Americans
- Callum House
- Jul 20, 2022
- 3 min read
Updated: Oct 25, 2022
20 July 2022
I spent my weekend in Paris at a musical festival.
As a Brit, I know to keep my voice down, speak French wherever possible and generally stay out of the way of the French. I, like many Brits before me, am in a country that isn’t mine. Unlike Brits of the past, I’m not looting it for all its worth, I’m just here to see Megan Thee Stallion.
The French are relatively loud and obnoxious. Famously rude and to the point, they have no qualms about cutting lines, pushing through a crowd, or voting for a Nazi. However, I must reiterate; I’m in their country, so I suck it up and repeat “c’est okay” as they shove past me to get a better view. Don’t get me wrong, it fucks me off, but I’m a passive aggressive, socially awkward, beta male with terrible French, so what am I going to do about it?
There’s one nation, however, who simply don’t care about all this socially constructed nonsense: the Americans.
There are groups of them dotted around the festival, and you can see them coming from a mile away. They’re social tornados that rip through crowds of unsuspecting Europeans.

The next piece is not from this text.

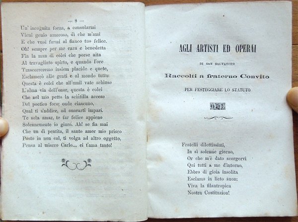 In-16° (17,5 x 12,5 cm), pp. 104, copertina editoriale. Qualche segno d'uso e del tempo alla copertina, in particolare, dorso appiattito. Leggerissimi segni d'umido alle prime 4 pagine. Errore nella rilegatura delle pagine, con la carta ospitante le pagine 83-84 anteposta a quella con le pagine 81-82, ma testo completo. Per il resto, esemplare ben conservato. Intonso. Contiene i componimenti: A B. T., versi sciolti; Agli artisti ed operai di San Salvatore raccolti a fraterno convito per festeggiare lo Statuto, ode; Nella festa d'inaugurazione della bandiera della Società degli artisti ed operai di Acqui; Nella solenne inaugurazione della bandiera della Guardia Nazionale di Balzola, terzine; Per la strage di Perugia, sestine (sui fatti del 20 giugno 1859, ndc); Per la guerra dell'indipendenza italiana il dì che pugnavasi a Montebello, ode; Nella ricorrenza del XII anniversario dello Statuto alla Società artistica-operaia di San Salvatore, sestine; Quando l'onorevole deputato P. C. Boggio rallegrava di sua presenza gli elettori di San Salvatore, ode; Il canto degli Italiani; Agli artisti ed operai di San Salvatore raccolti a solenne convito per festeggiare la 10.ma ricorrenza dello Statuto, ode; Per l'ottenuta rielezione del Cav. Farina a deputato al Parlamento, carme; In morte d'un giovine amico; Per la festa dell'unità d'Italia e dello Statuto, ode; Il magnetismo; Ad un usignuolo; Per dì onomastico; La seduzione; Per nascita d'un bambino; Per nozze; I convitati di Pio IX a Gaeta, sonetto a rime obbligate; Una favola d'Esopo, altro sonetto a rime obbligate; Per nozze, sonetto; L'egoista, sonetto; Gli affetti d'una madre, sonetto; Per dì onomastico, sonetto; Ad un mio precettore, sonetto; Per messa novella, sonetto; Per dì onomastico; Il due novembre; Una visita al cimitero, sonetto; Per nozze, sonetto; Sullo stesso argomento, sonetto; Sullo stesso argomento; Sullo stesso argomento, sonetto; Il sepolcro di Dante, epigrafe; Per dì onomastico, sonetto; Sullo stesso argomento, sonetto; Per ingresso vescovile; Francuccio e Sofia, Romanza; Agli artisti ed operai di San Salvatore raccolti a fraterno convito per festeggiare lo Statuto.

The vibe changes when you’re next to a group of Americans. No one is louder or less polite.
As I was waiting to see Megan Thee Stallion, I was stood next to a group of 19 year old girls from the USA. They were, and this isn’t malapropism, literally yelling at each other as everyone in a 10 metre radius looked on, bewildered.
How on earth these people don’t pick up on social cues I don’t know. But yelling at each other, vocal fry and all, about which drugs they’ve done, people they know from home and where they want to visit. One of them mentioned going to the Alps later in the year, I feel like I should alert the Swiss government for fear of avalanches. It was like listening to Red Scare through one of Godspeed You! Black Emperors amplifiers. It triggered my fucking fight or flight – I hate them.

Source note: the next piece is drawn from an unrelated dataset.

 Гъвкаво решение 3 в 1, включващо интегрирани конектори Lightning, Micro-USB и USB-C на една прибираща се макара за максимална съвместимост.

My dad always used to say, “hate is a strong word”, but it is far from strong enough to express my feelings towards these people.
Another older American man found his way over to them, like a fly to shit, and started hitting on them. Lapping it up, they start a conversation and, almost thankfully, at this point I go into sensory overload. The the sun is beaming down on me, I’m thirsty, I’m sweating like Patrick Bateman over Paul Allen’s business card as I try and roll a cigarette. My brain checks back in to hear the man ask what drugs they’ve done.

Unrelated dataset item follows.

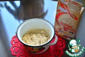 Сварить кашу из молока, воды, сахара и овсяных хлопьев. Добавить масло и дать остыть

“Never take molly unless it’s pink” he says. Okay, I guess that advice is okay, I’m not an active user to MDMA so I know very little about that shit. He’s just looking out for her probably. “Never touch heroin”. No shit, mate. I doubt these 19-year-old kids were about to go and inject skag in the porta-loos but go off. He went on to say that cocaine was fine, but crack wasn’t. What do you think crack is?
As an adult, should you be recommending this to a bunch of first-time festival going kids who have never touched coke? No. I’d vouch for no.
Do I really give a shit about all this? No of course not. I couldn’t care less. Drug chats wind me up, yes but it was more down to the fact that it was coming out of the mouths of the most irritating, loud, vexatious Americans. Am I xenophobic? Probably.
David Bowie was afraid of Americans. He also consumed nothing but peppers and milk for a year so I’m not sure he was a model judge of character.